USD/JPY remains on the front foot above 114.00, recently easing from an intraday top of 114.25, amid the initial Tokyo trading hour on Monday. In doing so, the yen pair rises for the second consecutive day with 0.30% intraday gains at the latest.
In addition to Monday’s headlines suggesting Prime Minister Fumio Kishida’s victory in snap elections, firmer US Treasury yields and a mildly positive risk appetite also underpin the USD/JPY advances of late.
''While Kishida's conservative Liberal Democratic Party (LDP) was projected to emerge with fewer seats in the powerful lower house than it won in the last election in 2017, the party retained its majority, exit polls by public broadcaster NHK showed early on Monday,'' Reuters reported. The same should call for more stimulus and rejection to a sales tax hike as Japan’s PM Kishida hinted earlier, which in turn can add to the positive mood and weigh on the Japanese yen’s safe-haven demand.
Alternatively, Steady prints of the Fed’s preferred inflation gauge joined optimism concerning the US stimulus to propel the US Dollar Index (DXY) the most since mid-June on Friday, fueling the USD/JPY prices in turn. That said, the US Core PCE Inflation data remained firmer around 3.6%, versus a 3.7% market forecast, for September. The same bolstered traders’ fears over the US inflation and Fed tapering chatters, as could also be sensed in the latest speech from Fed Chairman Jerome Powell, on October 22, where he dumped ‘transitory’ concern for inflation. Amid these plays, the US 10-year Treasury yields rose two basis points (bps) to 1.575% by the press time.
It should be noted that the recently escalating US-China tussles and the Bank of Japan’s (BOJ) comparatively weaker stand against the US Federal Reserve (Fed), as far as monetary policy tightening is concerned, also underpin the US Treasury yields and the US dollar.
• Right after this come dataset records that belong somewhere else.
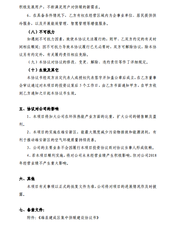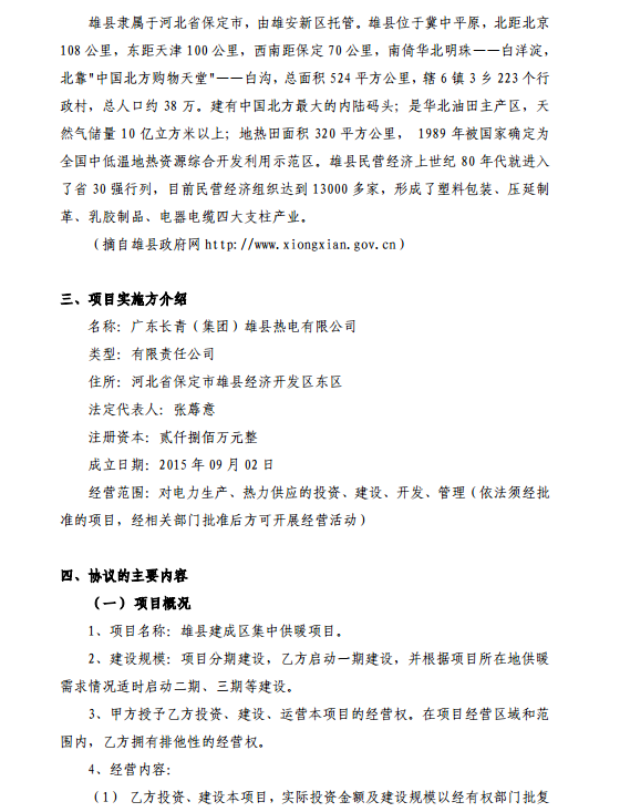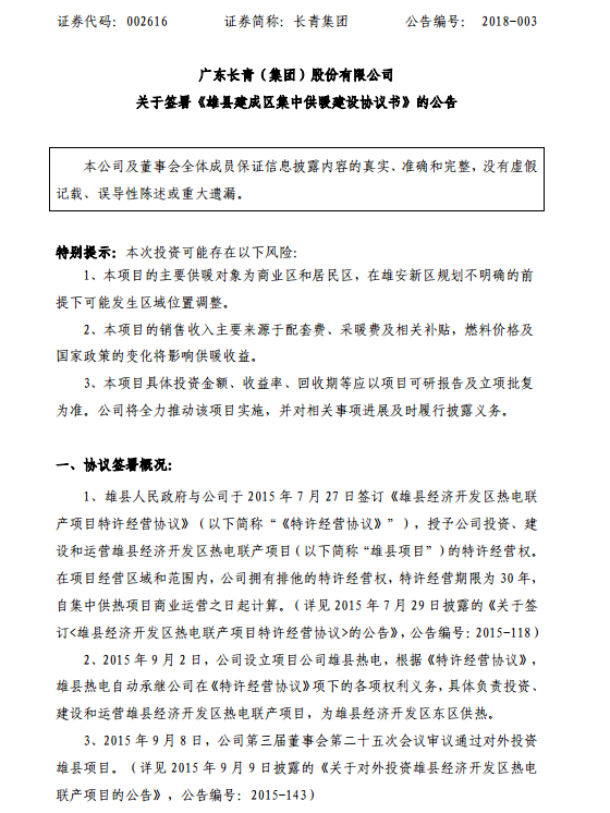 長青集團(tuán)8日晚間公告,公司子公司雄縣熱電與獲雄縣人民政府授權(quán)的雄縣住房和城鄉(xiāng)建設(shè)局于2018年1月8日簽訂《雄縣建成區(qū)集中供暖建設(shè)協(xié)議書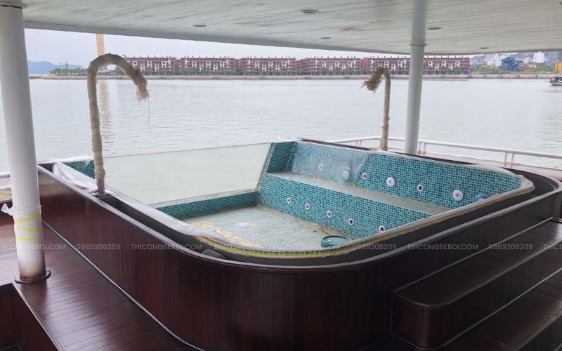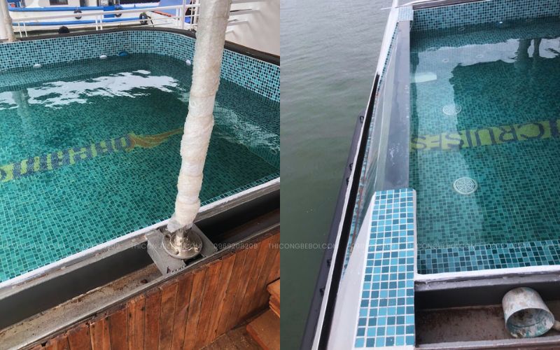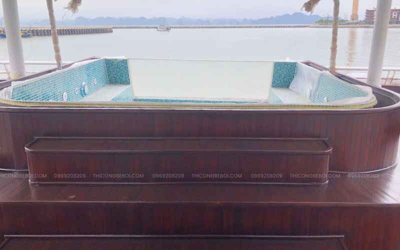 Lòng bể được hoàn thiện bằng gạch mosaic thủy tinh cao cấp, phối màu hài hòa và in logo thương hiệu du thuyền, vừa đảm bảo độ bền vừa tăng giá trị nhận diện. Khu vực viền bể sử dụng sàn gỗ chuyên dụng ngoài trời, có khả năng chống trơn trượt, chống thấm và thích nghi tốt với môi trường biển.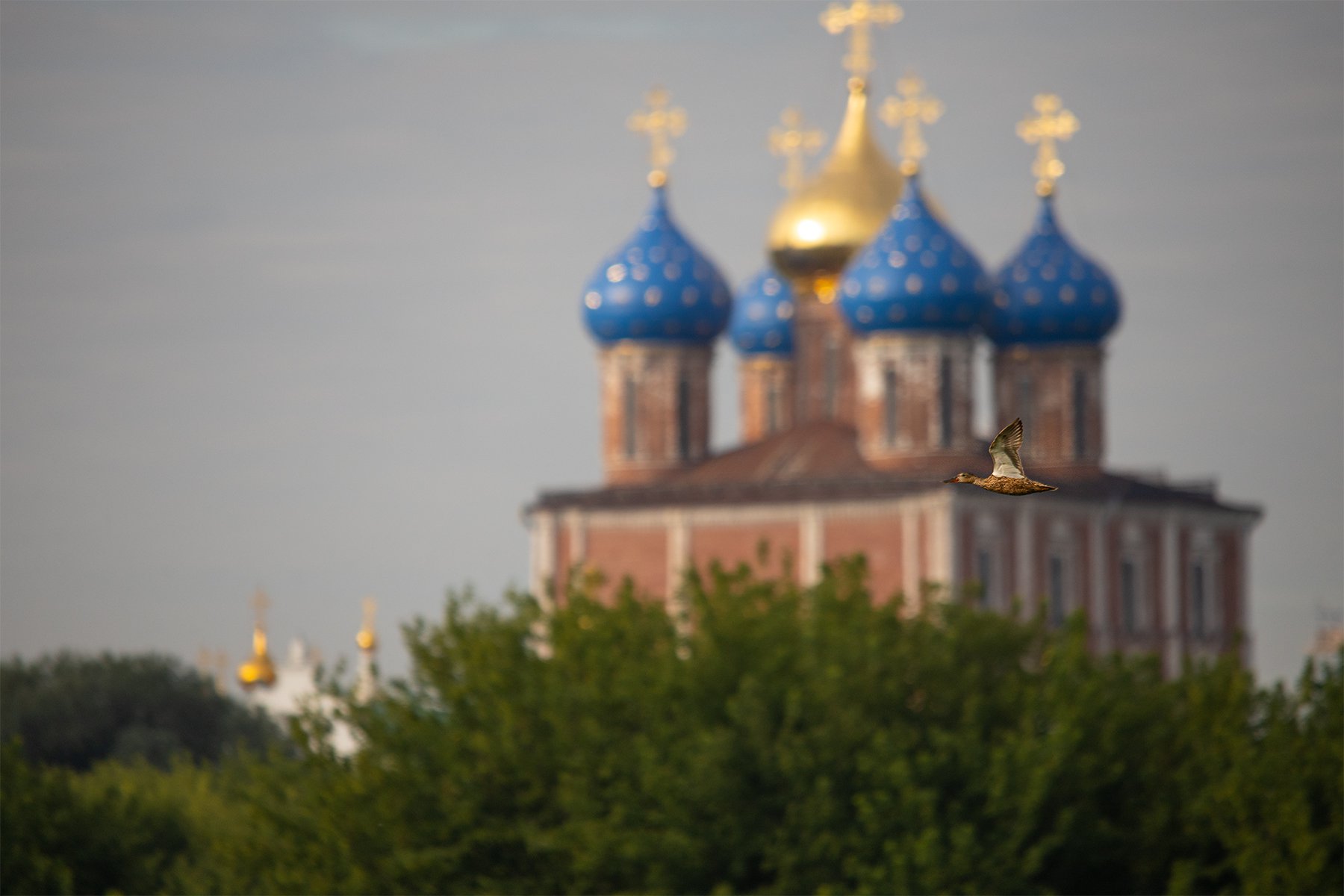 Широконоска самка пролетает на фоне Рязанского кремля
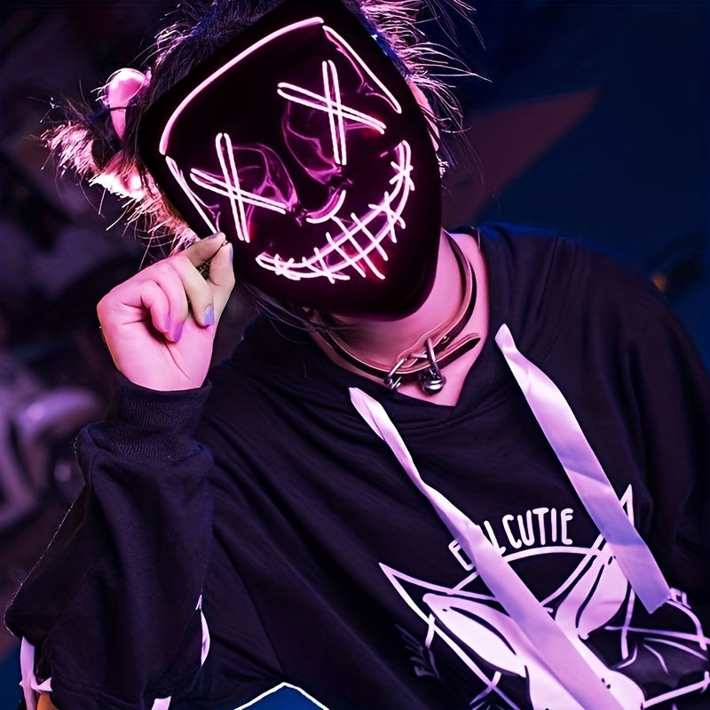 1pc Halloween Mask LED Glow Mask, Scary Mask For Halloween Holiday Party, Ideal Choice For Gifts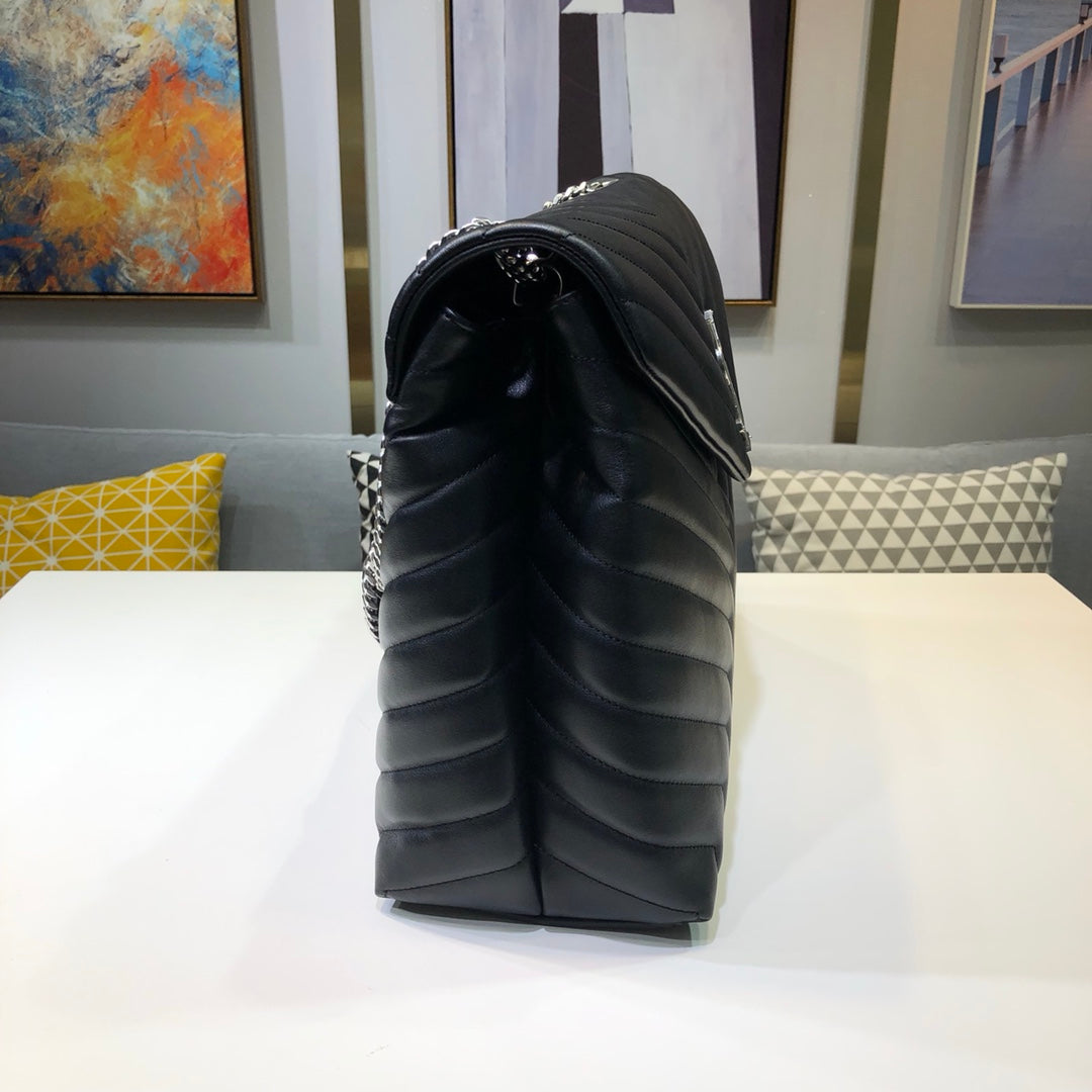 ysl 457014 loulou front flap bag silver hardware supper big size 38cm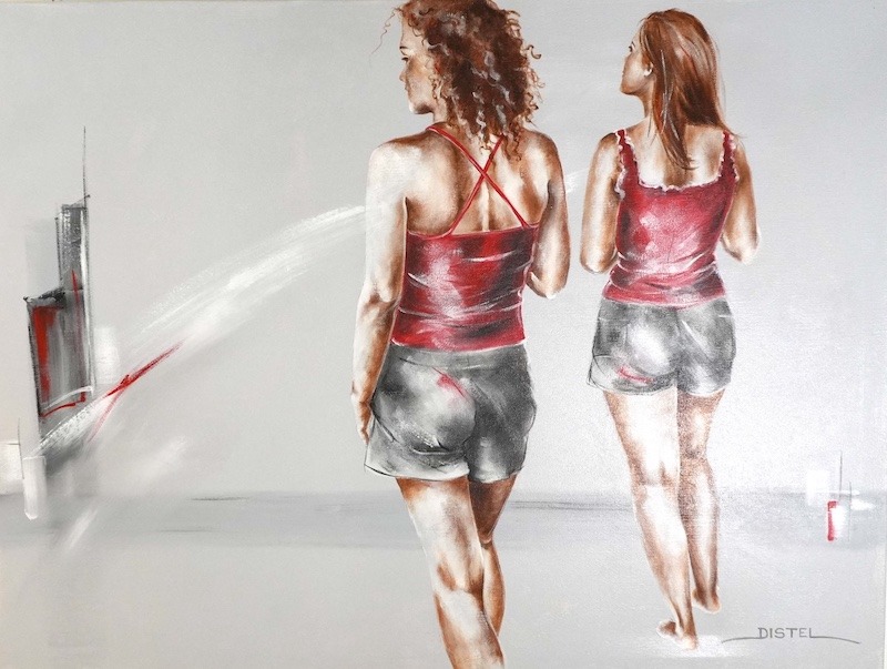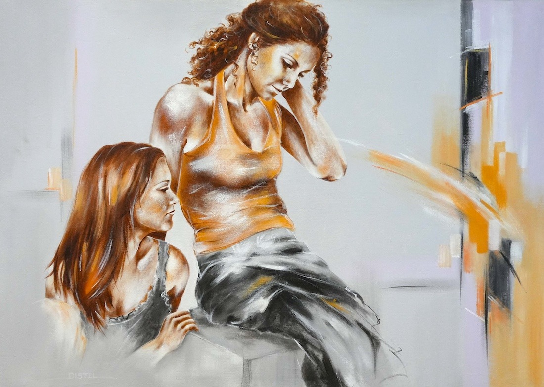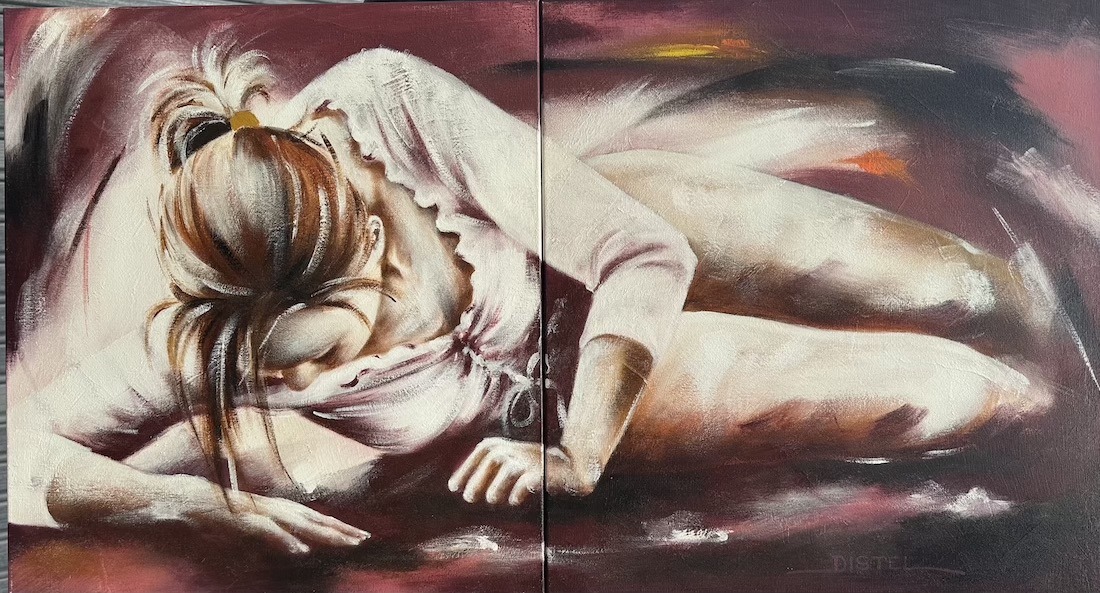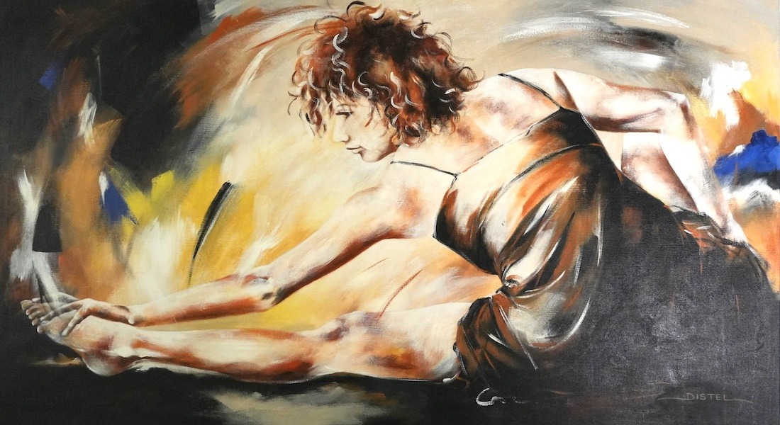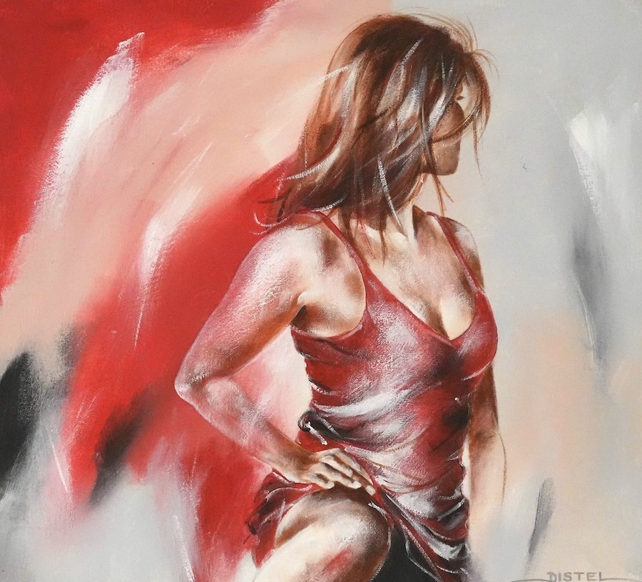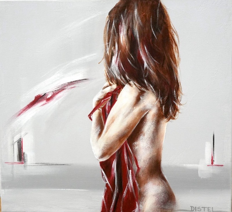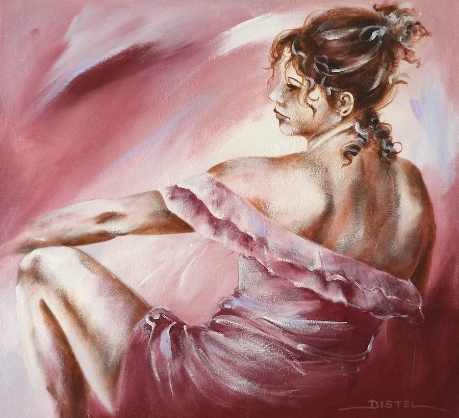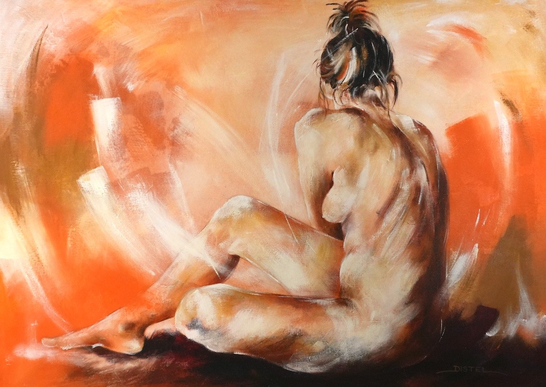 Distel’s paintings are characterized by powerful lines that depict young women, capturing both their strength and vulnerability with meticulous precision. Through fluid movements, admirable flexibility, and suggestive poses, her work conveys a sense of mystical pride. A bare back or a glimpse of a torso exemplifies a proud woman, always portrayed with a certain restraint. In her art, beauty and harmony intertwine with feminine sensuality, presenting honest and natural emotion. The chosen color tones bring warmth and harmony to her figurative art.

Looking forward, US ISM Manufacturing PMI, expected 60.4 versus 61.1, may entertain USD/JPY traders ahead of Wednesday’s Fed decision. Although an absence of Fed Chair Powell’s press conference and economic forecast may dim the charm of the key event, hawkish expectations keep the day on the USD/JPY buyer’s radar.
Technical analysis
USD/JPY keeps Friday’s short-term falling wedge breakout to direct the bulls toward the yearly top around 114.70, also the three-year peak, until the quote stays beyond 113.95.